At the end of 2014, an estimated 65,040 persons (plausible range: 53,980 to 76,100) were living with HIV in Canada. Of persons living with HIV, an estimated 52,220 (plausible range: 47,230 to 57,440) were diagnosed, 39,790 (plausible range: 36,470 to 43,140) were on antiretroviral therapy, and 35,350 (plausible range: 32,430 to 38,260) had suppressed viral load. An estimated 80% (73% to 87%) of persons living with HIV were diagnosed, 76% (70% to 82%) of persons diagnosed with HIV were on treatment, and 89% (84% to 93%) of persons on treatment had suppressed viral load (Figure 1). Canada's 90-90-90 estimates lie within the range reported by other developed countries such as Australia, the United States, and the countries of Western Europe.

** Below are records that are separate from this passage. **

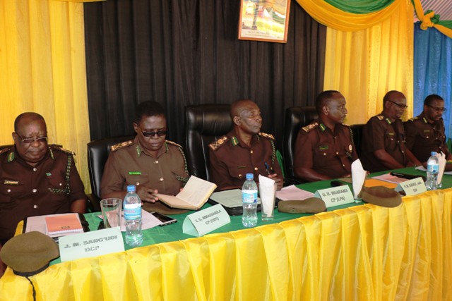 Kamishna Jenerali wa Magereza, Phaustine Kasike akiwa meza kuu pamoja na Makamishna na Manaibu Kamishna wa Jeshi la Magereza wakifuatilia uwasilishaji wa mada mbalimbali wa kikao kazi cha Wakuu wa Magereza yote Tanzania Bara leo Mei 18, 2019 katika Ukumbi wa Magereza Mkoani Morogoro.
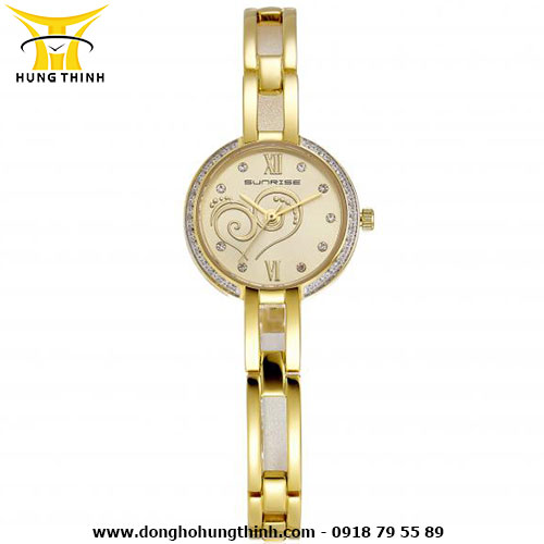 Đồng hồ thời trang chính hãng SUNRISE DÂY KIM LOẠI NỮ BA KIM SL6772.1407 kiểu dáng đồng hồ thời trang dây, vỏ Inox đúc nguyên khối mạ màu vàng công nghệ cao không phai và đính đá Swarivski cao cấp, kính sapphire nguyên khối chống trầy xước. Đồng hồ 3 kim quay hiển thị giờ, phút, giây truyền thống, mặt đồng hồ màu vàng sang trọng.
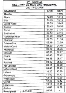 The second service will operate from Quetta to Rawalpindi on March 17, with scheduled stops at Sukkur, Rahim Yar Khan, Khanewal, and Lahore.

Note: Percentages represent the number in each category divided by the number in the previous category and vertical bars represent plausible ranges for the estimated number.

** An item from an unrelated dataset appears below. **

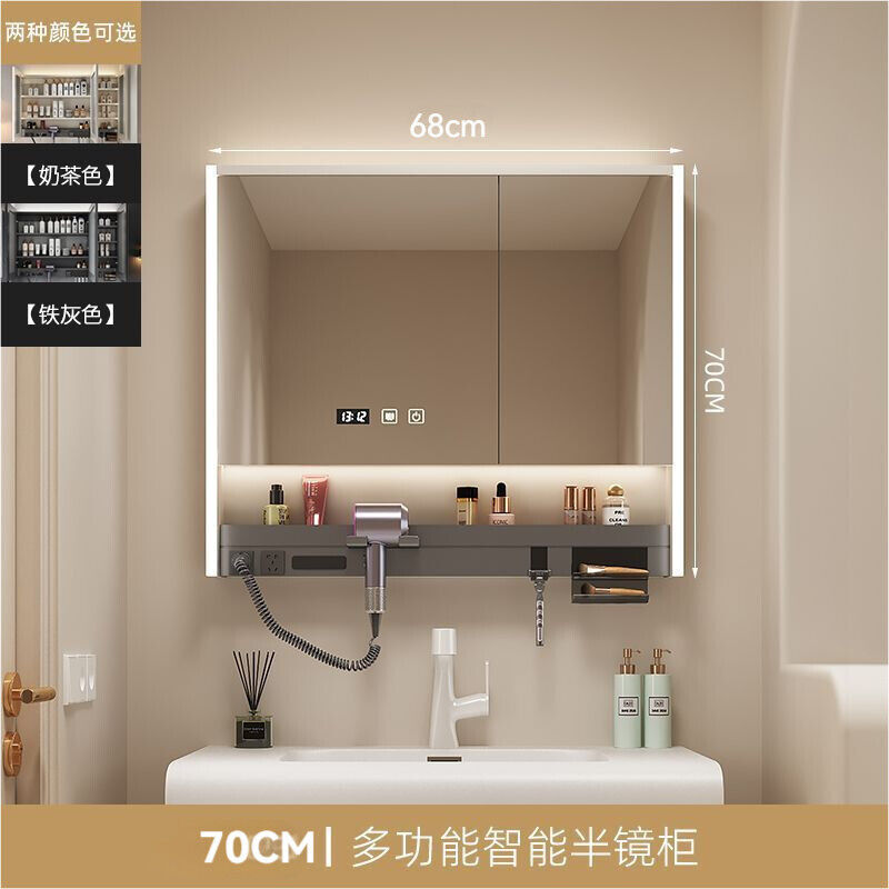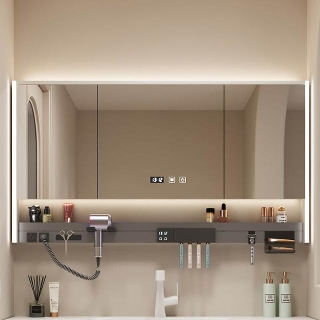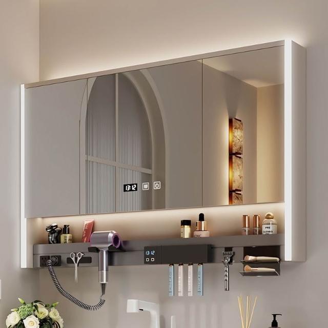 多功能智能浴室鏡櫃帶吹風機牙刷消毒架層板氛圍燈衛生間一體鏡櫃

There are several factors associated with achieving each of the 90-90-90 targets. Reaching the first target will require efforts to increase the uptake of HIV testing by addressing issues such as risk perception, accessibility of services, community knowledge and awareness. The observation that the estimate of the second 90-90-90 target is the lowest of the three targets is also seen in other western countries. This may be related in part to the fact that the recommendation to treat all HIV-infected persons at diagnosis is relatively recent, and it takes time for both treating physicians and patients to adjust to this. Shifts toward earlier initiation of treatment, simplified and more tolerable regimens, and adherence support interventions will influence uptake of treatment over time. After starting treatment, many patients remain engaged in HIV care and have follow-up services to monitor the effectiveness of therapy. This may explain why the estimate of the third 90-90-90 target is higher than the other two targets, and this is also seen in other western countries. However, social conditions related to poverty or addictions and a lack of access to support services can decrease the degree to which individuals remain engaged in care. Issues related to privacy and stigma may also impede access to and retention in care. Therefore, it is critical to continue to work towards creating supportive environments that address social determinants, decrease stigma and discrimination, and reduce barriers to prevention, treatment, care and support.

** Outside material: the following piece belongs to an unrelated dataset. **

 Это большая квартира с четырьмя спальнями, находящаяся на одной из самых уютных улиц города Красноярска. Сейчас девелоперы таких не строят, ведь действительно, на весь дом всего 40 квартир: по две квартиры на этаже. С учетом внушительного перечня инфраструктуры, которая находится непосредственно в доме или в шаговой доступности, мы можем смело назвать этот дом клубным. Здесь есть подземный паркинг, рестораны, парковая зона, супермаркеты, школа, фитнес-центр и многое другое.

Canada has made great progress in addressing HIV/AIDS over more than three decades of responding to the epidemic. However, there is still work to do to reach the 90-90-90 targets by 2020. The Government of Canada is engaging with stakeholders and provincial and territorial governments to identify concrete actions with substantial impact on HIV and other sexually transmitted and blood borne infections in Canada to contribute towards achieving the 90-90-90 targets.
The Public Health Agency of Canada will continue to work closely with provinces and territories to refine the methodology and enhance data sources to improve the precision around the 90-90-90 estimates. Continued monitoring will help to more effectively target prevention and care programs where interventions are most needed.